Survey responses were summarized with standard descriptive statistics, and free commentary was appraised through expert judgement, whereby responses of similar content were grouped.

2.5. Threshold Functions

Due to the comprehensiveness and significance of the meta-studies by Guzzetti and colleagues [25,26], we set out with their parametrization of the ID-function for Austria: I = 41.66 · D 0.77 (mm·h−1, h).
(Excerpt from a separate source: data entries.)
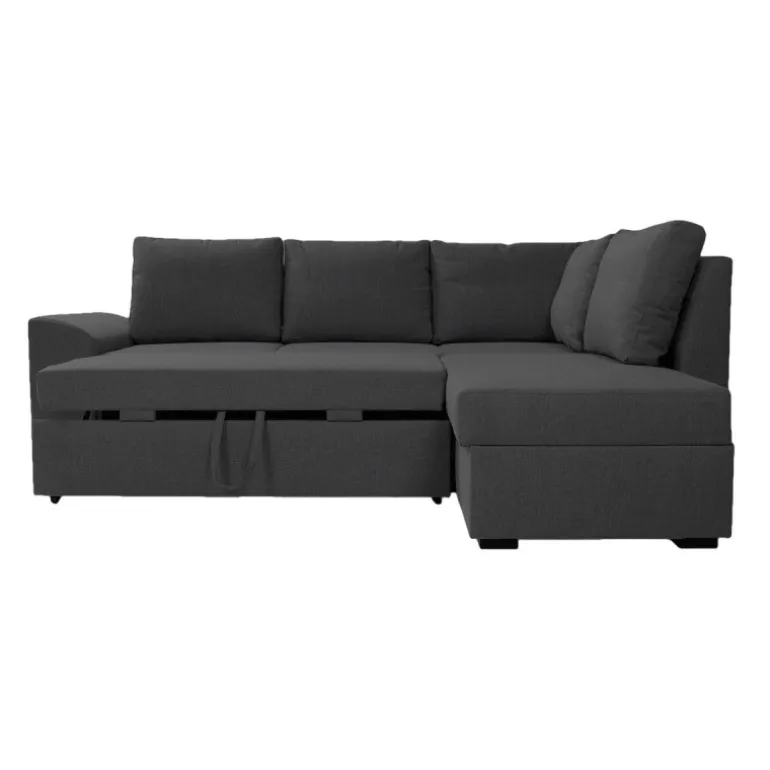 Canapé Deluxe højrevendt hjørnesovesofa med open-end og og posefjedring for optimal komfort. Denne sovesofa er yderst velegnet til dagligt brug da sofaens madrasopbygning er på højde med en god boxmadras, hvilket giver en optimal liggekomfort. Sofaen har et smart opbevaringsrum i chaiselongdelen til sengetøj og et sove udtræk på metalstel. En pladsbesparende lille hjørnesovesofa med open-end til dig som ønsker funktionalitet uden at gå på kompromis med designe og kvalitet. Canapé sofaen har løse ryghynder og en fast siddekomfort. Sofaen er betrukket et slidstærkt strukturvævet antracit møbeltekstil.
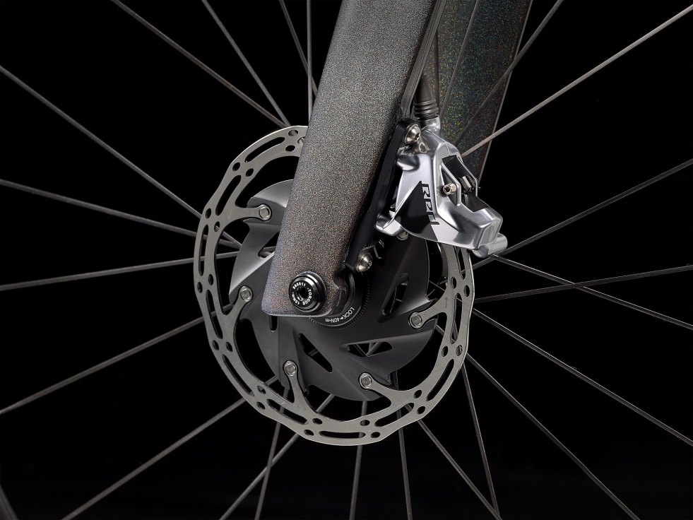 Vidlice Celokarbonová, Madone, KVF, kónický karbonový sloupek, skryté vedení lanek, kotouč s úchytem Flat Mount, karbonové patky, pevná osa 12 × 100 mm.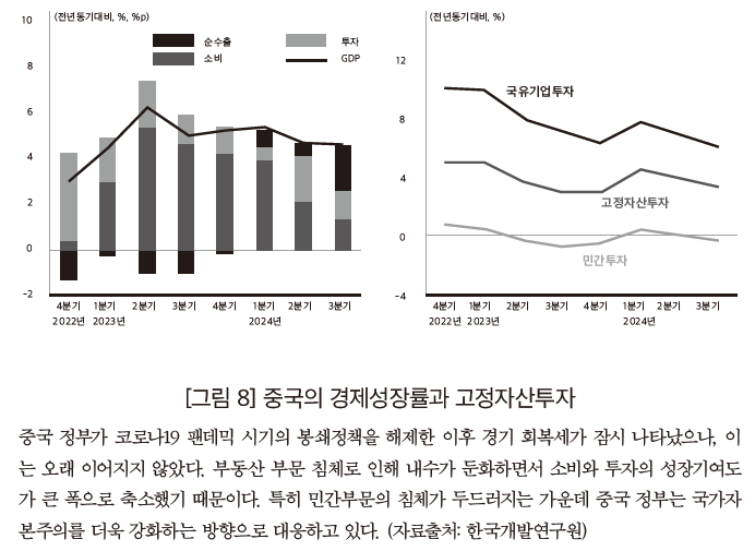 중국 경제는 지난해와 마찬가지로 세계적인 인플레이션 문제를 겪지 않는 대신, GDP의 약 40%를 차지하는 부동산 부문의 침체와 부채위기가 지속하면서 경기회복이 부진한 상태다. 중국의 2024년 경제성장률은 전년동기대비 1분기에 5.3%를 달성했지만 2분기에 4.7%, 3분기에는 4.6%로 하락하면서, 3분기까지 누적 성장률은 4.8%를 기록했다. 4분기에도 성장률이 반등할 가능성은 크지 않기에, 2024년 연간 경제성장률은 중국 정부의 목표치인 5%에 미달하는 4% 후반일 것으로 전망된다. 나아가 이러한 성장세 둔화 흐름은 내년에도 이어져, 2025년 경제성장률은 4.5%일 것으로 보인다.

Austria thus lies clearly in the upper intensity range (note logarithmic scale) of numerous ID-thresholds worldwide (Figure 3; note that despite similar function type, the derived critical precipitation intensity varies by an order of magnitude between studies).

2.6. Software

The following software was used: R (for modelling, particularly packages GLM for generalized linear models and the modelling frameworks caret and tidymodels), Julia (manipulation of large datasets), GRASS (processing of spatial data), QGIS (cartography), and LimeSurvey (stakeholder survey).

2.7. Uncertainty

2.7.1. Location and Date

The reliability of reported locations and dates varied, especially so for older records (when, e.g., GPS services were not readily available). Annotations in the inventories themselves or consultation with the data providers suggested that a substantial part of the records might lag the actual event by several days, particularly so before digital means became widespread in remoter areas.
The data stemming from compensation claims contained additional spatial inaccuracies: sometimes the presumable slide location was actually the claimant’s physical address, and sometimes (small) embankment movements after fresh construction works (as evident from aerials) were reported as landslides. Of a random subsample (n = 94) of this dataset, only 42% could be confirmed from aerial imagery, and another 10% were implausible (e.g., surrounded by flat, built areas).

2.7.2. Observation Bias

All data stem from individual reports, whether on private or public initiative. Reported cases, thus, are the result of cost–benefit assessment. Costs include the effort of identifying and interacting with any kind of registration service, or monitoring areas of low accessibility (altitude, terrain, infrastructure, etc.). Benefits include remuneration of damage or public savings through timely infrastructure maintenance. In fact, the fraction of false negatives in an apparently “slide-proof” area cannot be reliably ascertained without representative coverage. To illustrate, a forested hillscape may offer few slide sightings because of its robust terrain and hydrological buffers—or just because it is neither accessible nor (micro) economically vulnerable to landslides.

3. Results and Discussion

3.1. Characteristic Slide Conditions and Probable Observation Bias

The two largest inventories revealed a marked azimuthal gradient of slide frequency, as most slides were recorded on south-facing slopes. A less pronounced accumulation to the north was documented in one province-wise inventory only (Figure 4). This phenomenon has plausible physical explanations (e.g., stronger diurnal temperature gradients, exposure to precipitation-heavy Adriatic depressions in the case of the south-dominated inventory), but observation bias has to be accounted for, too. Northern slopes are more likely used for forestry or extensive grassland, so that damage will less frequently be reported or even noted. We thus opted to exclude exposition from the subsequent modelling.
The largest dataset consisted of private compensation claims to public reimbursement funds, which are processed and settled via public authority. From 1980 to 2016, most reports entered this inventory in years of local elections, followed by years when elections on a regional (provincial) level took place. Periods of no elections counted the fewest slide reports (Figure 4).
Although this suggests a reporting bias, we included all years of the particular dataset in the modelling. The bias is temporal, but hardly spatial (because elections throughout the originating province are synchronous and, thus, can be expected to affect all areas alike).
Regardless of dataset (province), slide frequency did not steadily increase with slope inclination but peaked within a range of 25° to 30° (Figure 5). Again, a contribution of observation bias cannot be excluded (steep terrain coincides with low accessibility and sparse economic assets).
As expected, slopes were the morphological feature that bore the most slides by far. About six times as many slides were observed on slopes as on spurs or hollows (Figure 5).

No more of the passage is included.